I noticed that batchNorm2d with affine parameter true is using learnable parameters for each channel (64) instead of each input activation (64x32x32), I guess thats intentional to reduce number of parameters and I am missing something ?
Number of Input Channels = 64
I am using the following resent model from -->
This file has been truncated.
'''ResNet in PyTorch.
For Pre-activation ResNet, see 'preact_resnet.py'.
 Kaiming He, Xiangyu Zhang, Shaoqing Ren, Jian Sun
Deep Residual Learning for Image Recognition. arXiv:1512.03385
import torch.nn as nn
import torch.nn.functional as F
from torch.autograd import Variable
expansion = 1
def __init__(self, in_planes, planes, stride=1):
That is intentional. It seems that batch norm seems to mean different things to different people when it comes to the specifics…
I have another question, so if we have the learnable parameters are false, then the running_mean and running_variance are per channel or per activation then (I guess per channel) ?
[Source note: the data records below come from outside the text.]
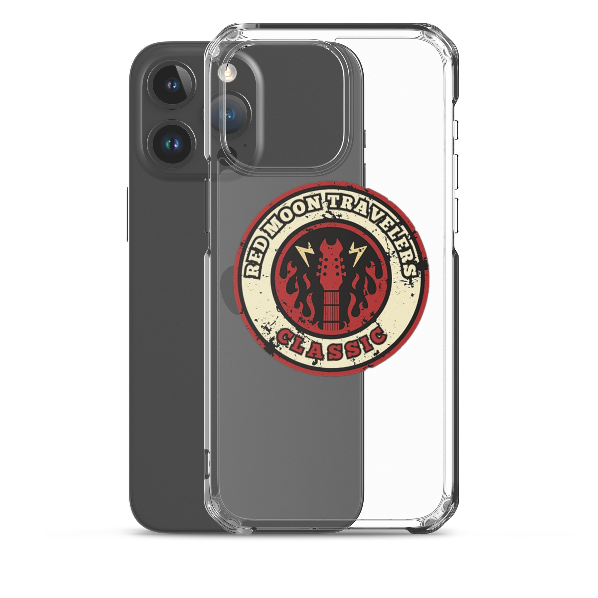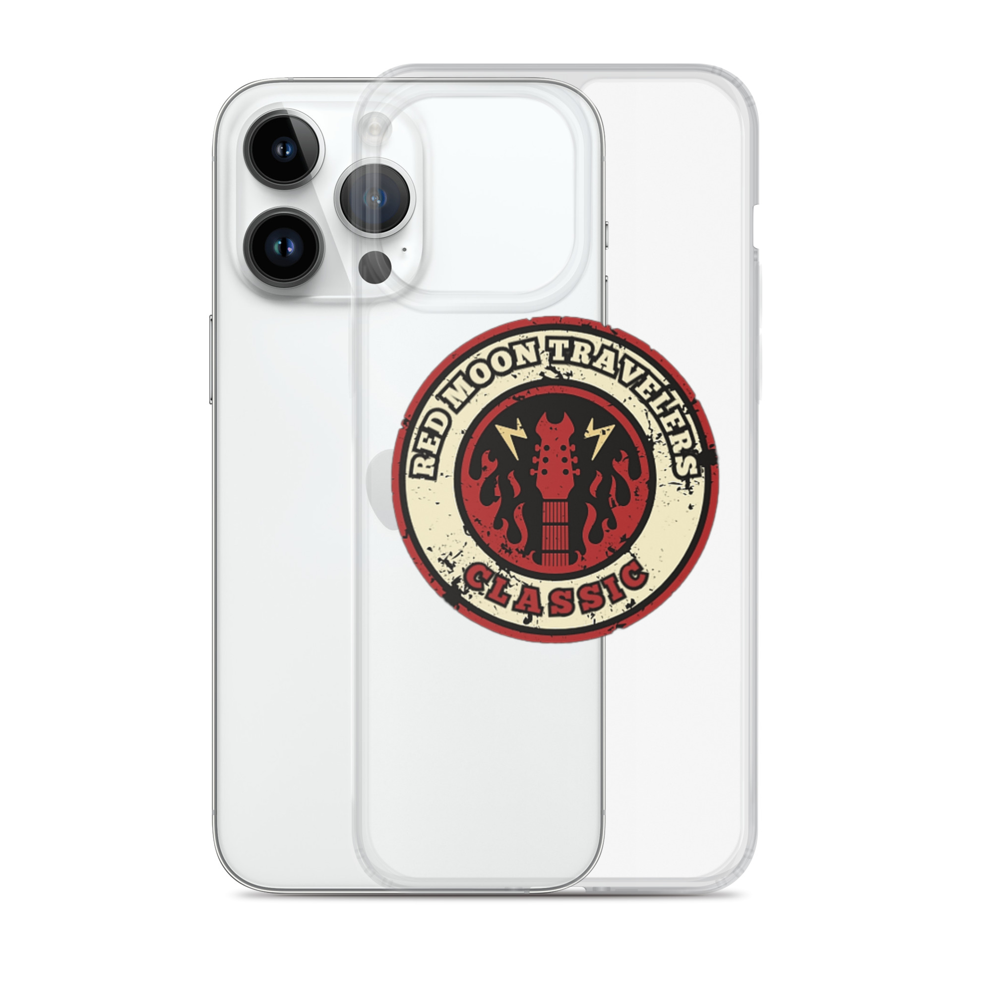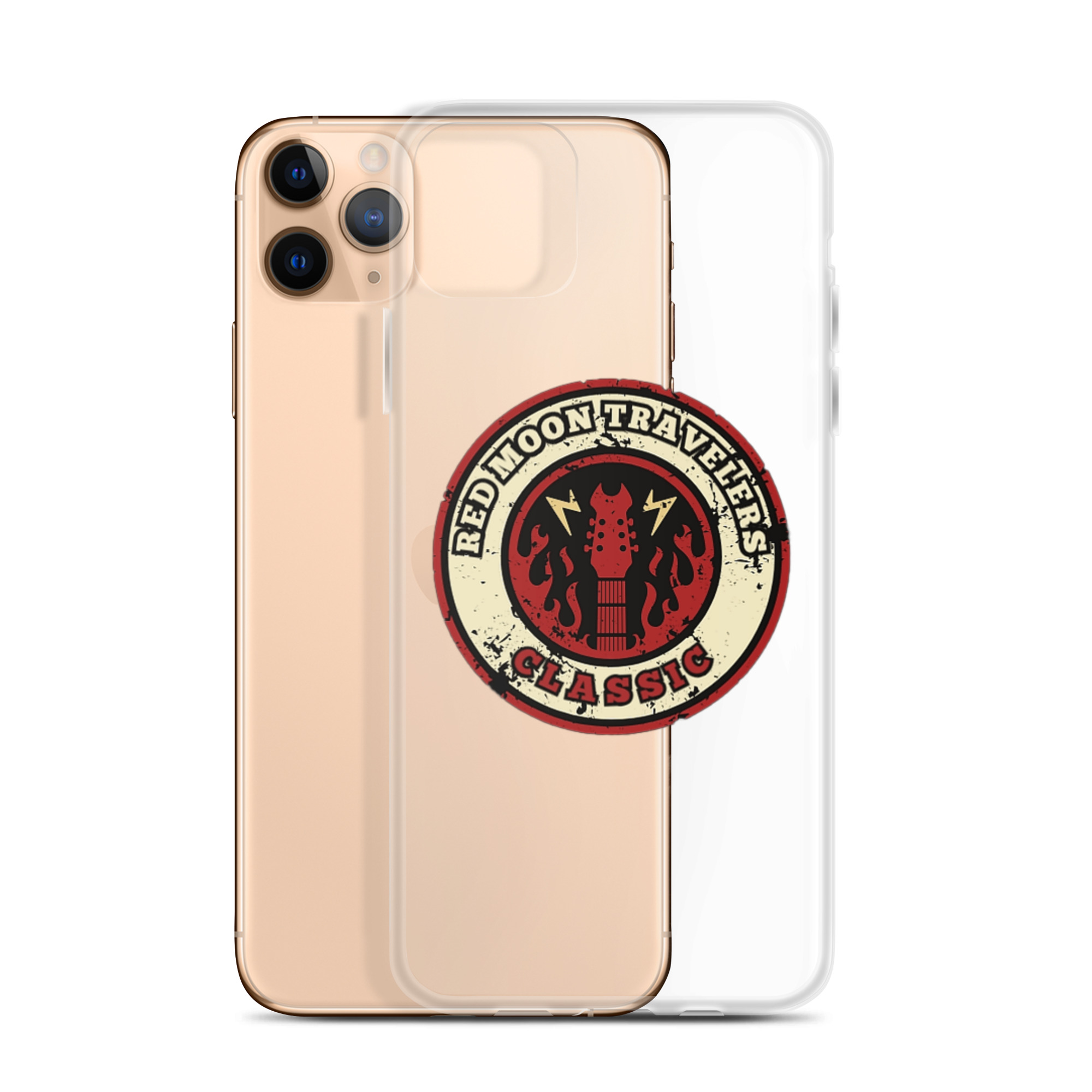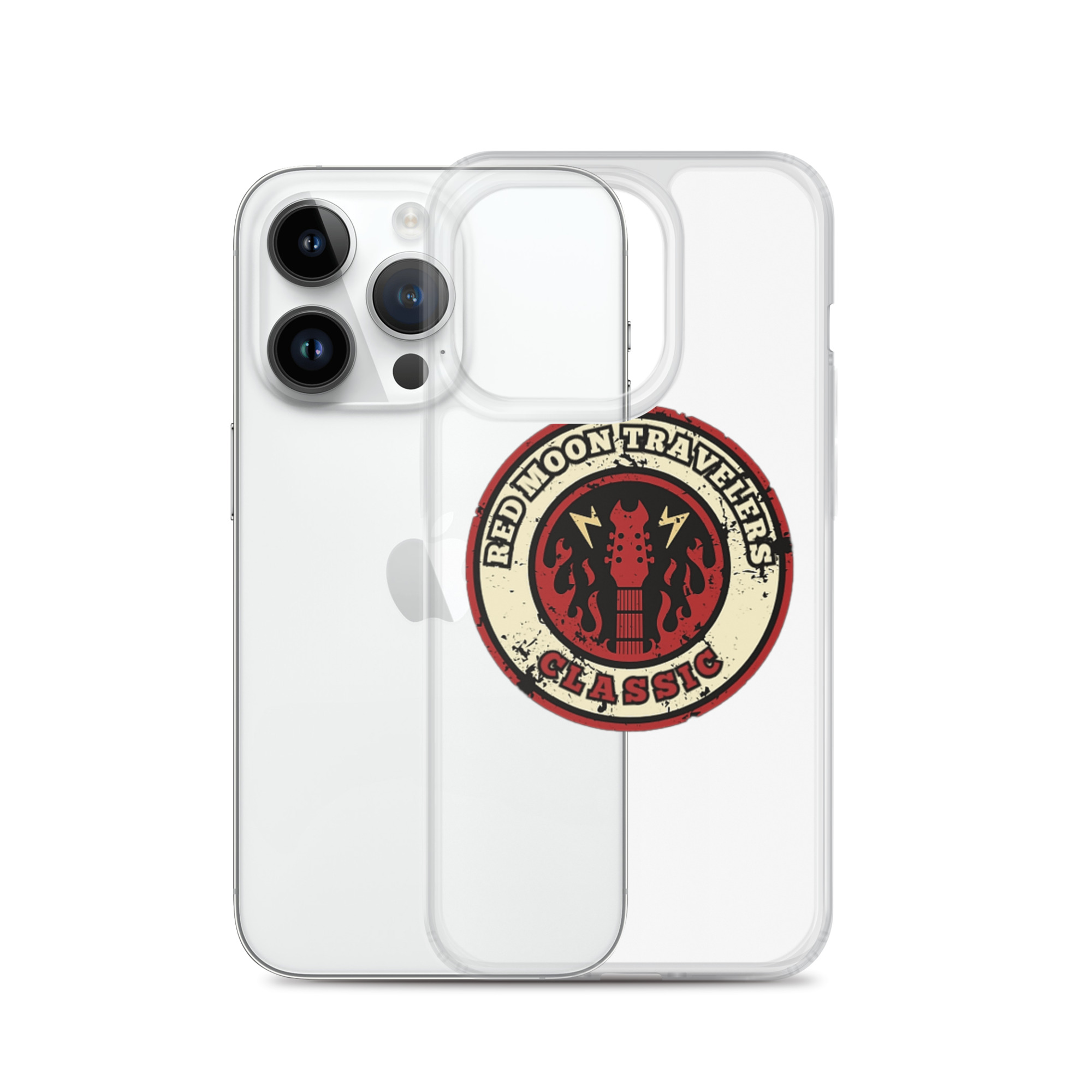 This clear sleek iPhone® case protects your phone from scratches and dirt. It has a solid back and flexible sides that make it easy to take on and off. Precisely aligned port openings. Displays the Red Moon Travelers logo.
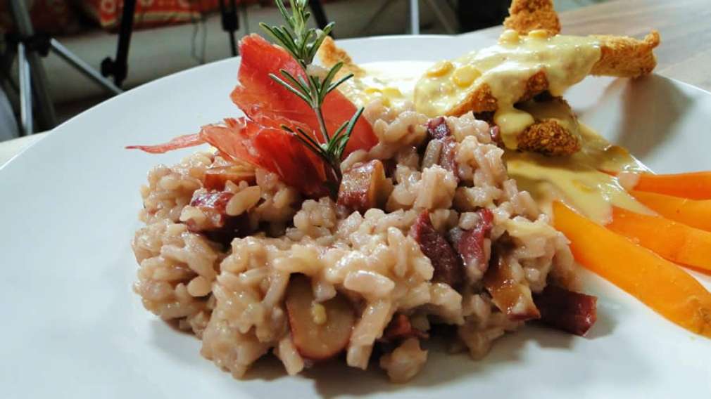 ¾ xícara (chá) de pinhão cozido, descascado e cortado em pedaços (120 g)
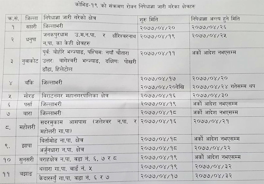 गृह मन्त्रालयका अनुसार सप्तरी, धनुषा, नुवाकोट, बाँके, मोरङ, पर्सा, बारा, महोत्तरी, झापा, सुनसरी, बझाङ, दार्चुला, सर्लाही र स्याङ्जा जिल्लाका विभिन्न क्षेत्रमा निषेधाज्ञा जारी गरिएको छ ।
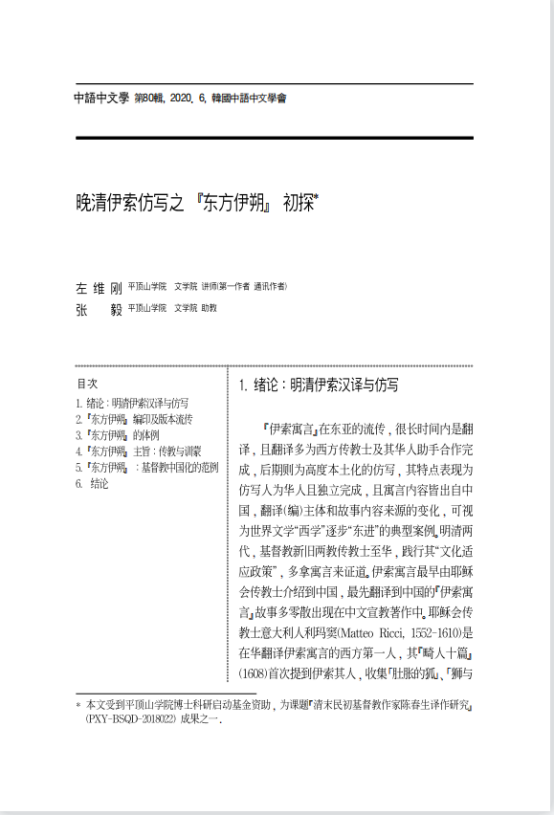 左维刚,韩国崇实大学博士,主要研究中外经典互译、近现代作家作品及其对外传播。《启蒙与传教——<东方伊朔>主旨研究》经过修改,发表在韩国kci核心刊物《中语中文学》2020年6期。
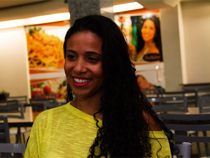 E por falar em cabelo, a cabeleira da moça não passa despercebida. Os longos cachos negros emolduram o rosto delicado da capricorniana de traços finos, que se diz surpresa por ter sido eleita a Rainha da Corte. “Havia concorrentes fortes, não pensei que seria a escolhida”, manifesta.
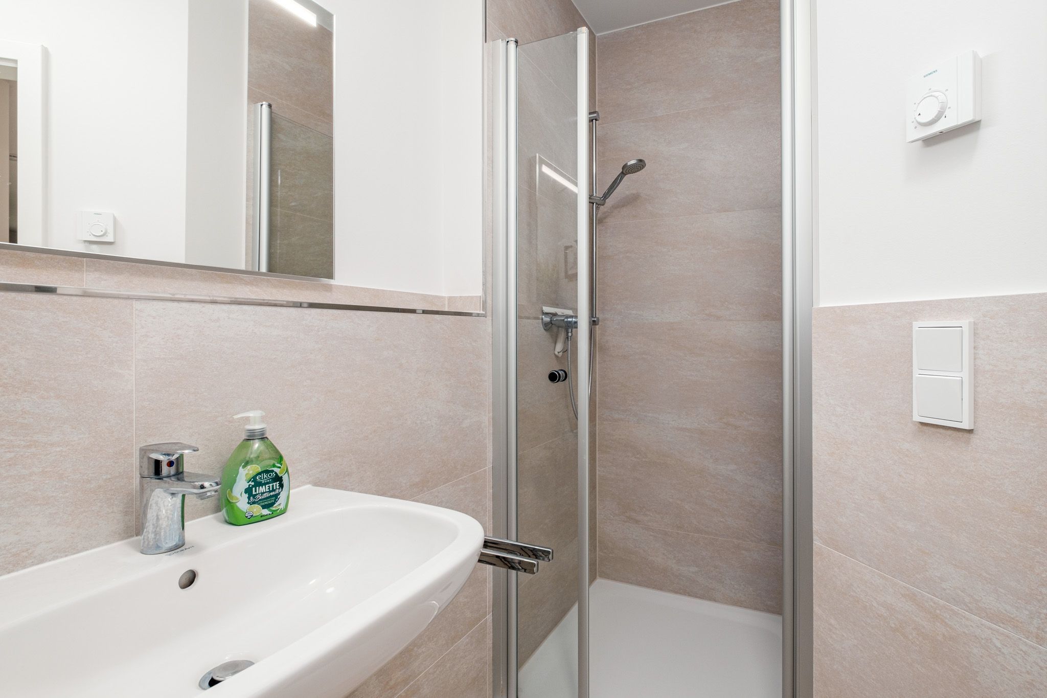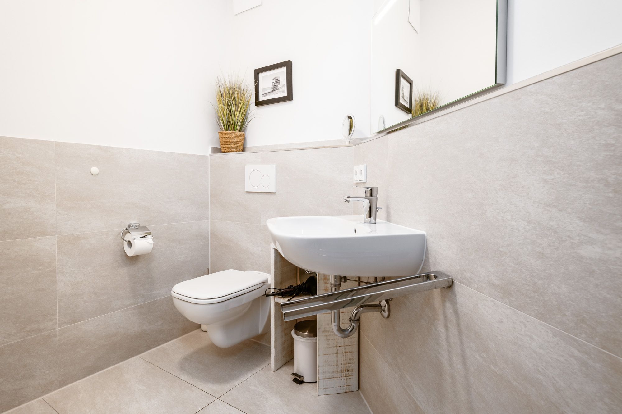 Im Badezimmer mit Dusche, WC und Waschtrockner erfrischen Sie sich nach einem erholsamen Tag am Strand.
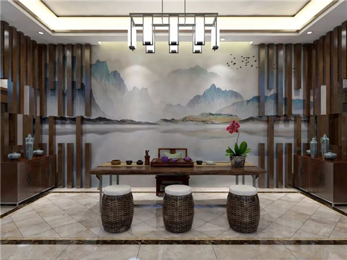 对国画山水情有独钟的王先生选择以蒙娜丽莎瓷艺画把水墨风情搬上了电视墙,生出一种宁静悠远的意境。
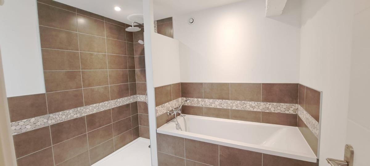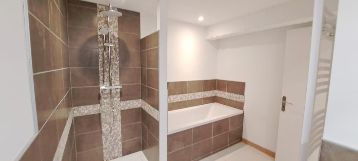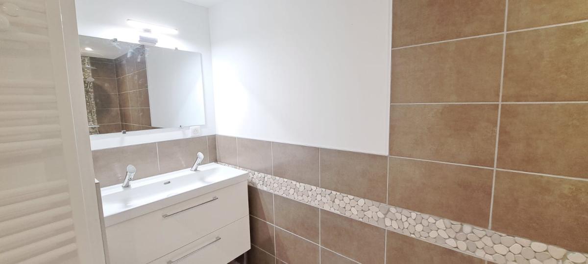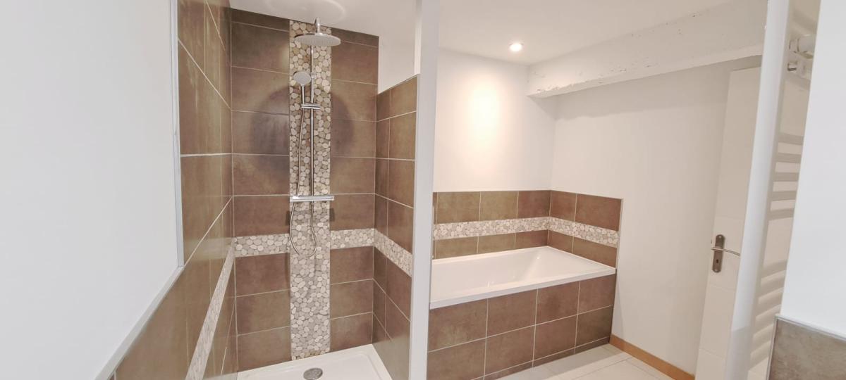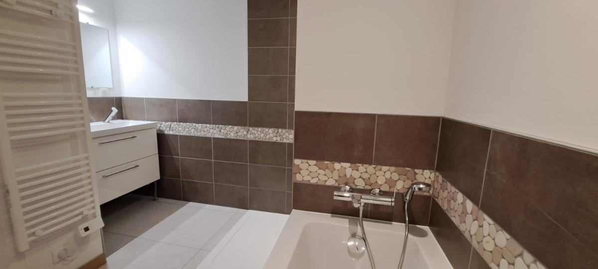 UN APPARTEMENT DE TYPE 4 D'UNE SURFACE DE 89.60 M2 COMPRENANT UNE BELLE PIECE DE VIE OUVERTE SUR UNE CUISINE EQUIPEE, UN CELLIER, UN WC
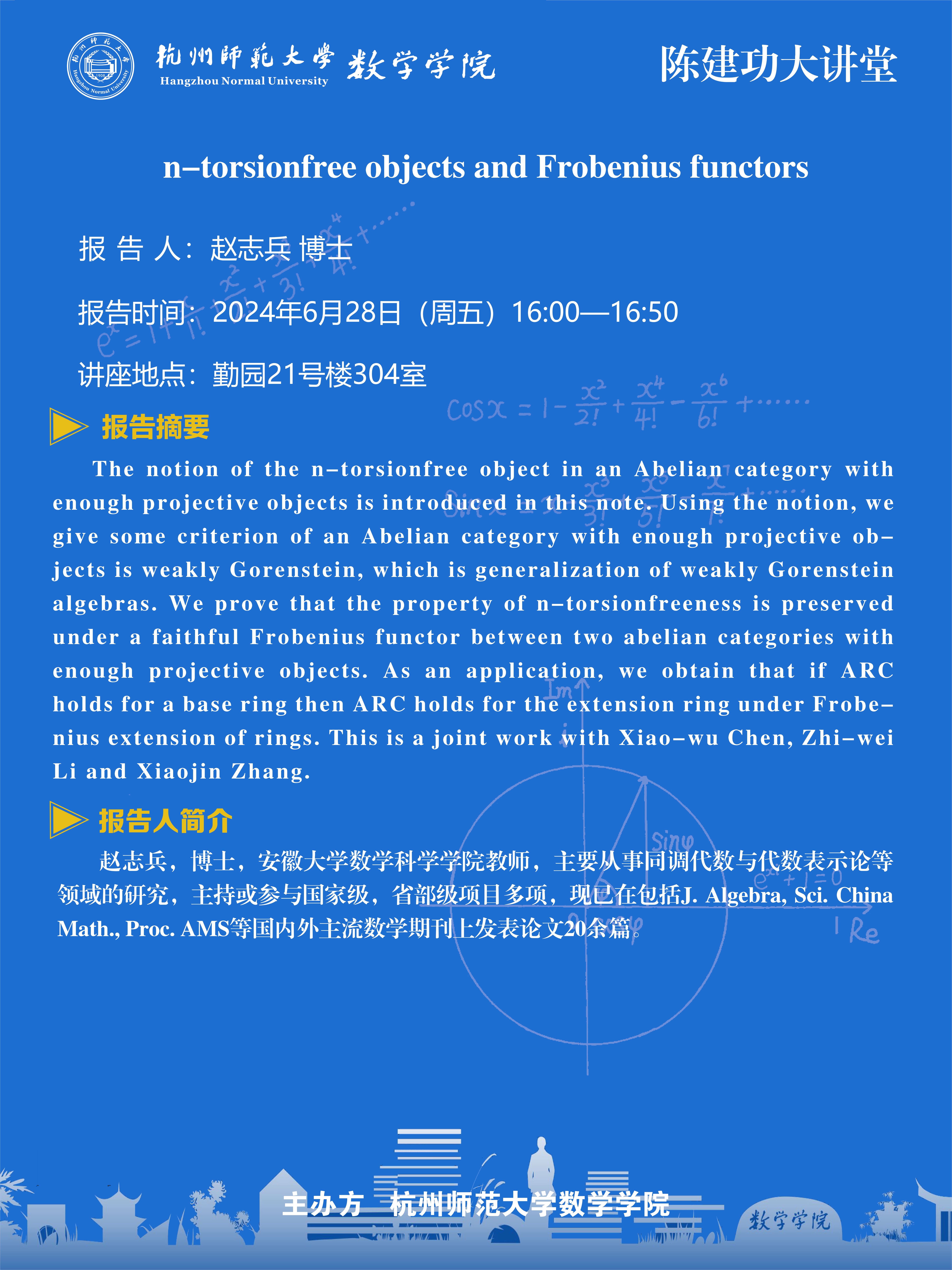陈建功大讲堂(2024-100):n-torsionfree objects and Frobenius functors

Per channel. You can tell by the fact that you don’t actually provide dimensions beyond the number of channels to BN, so it is unaware of e.g. the “image” dimensions you feed through it.
If you do
bn = torch.nn.BatchNorm(3, affine=True)
you also have proof that it has three-element vectors for all four state items. Part of the beauty of PyTorch is that you can easily poke the modules to see how they behave.
Thanks a lot
I appreciate your explanation.
To compute per channel running_mean, it computes the mean across all activations for that channel (including all the examples) OR just first mean across examples and then mean across activations ?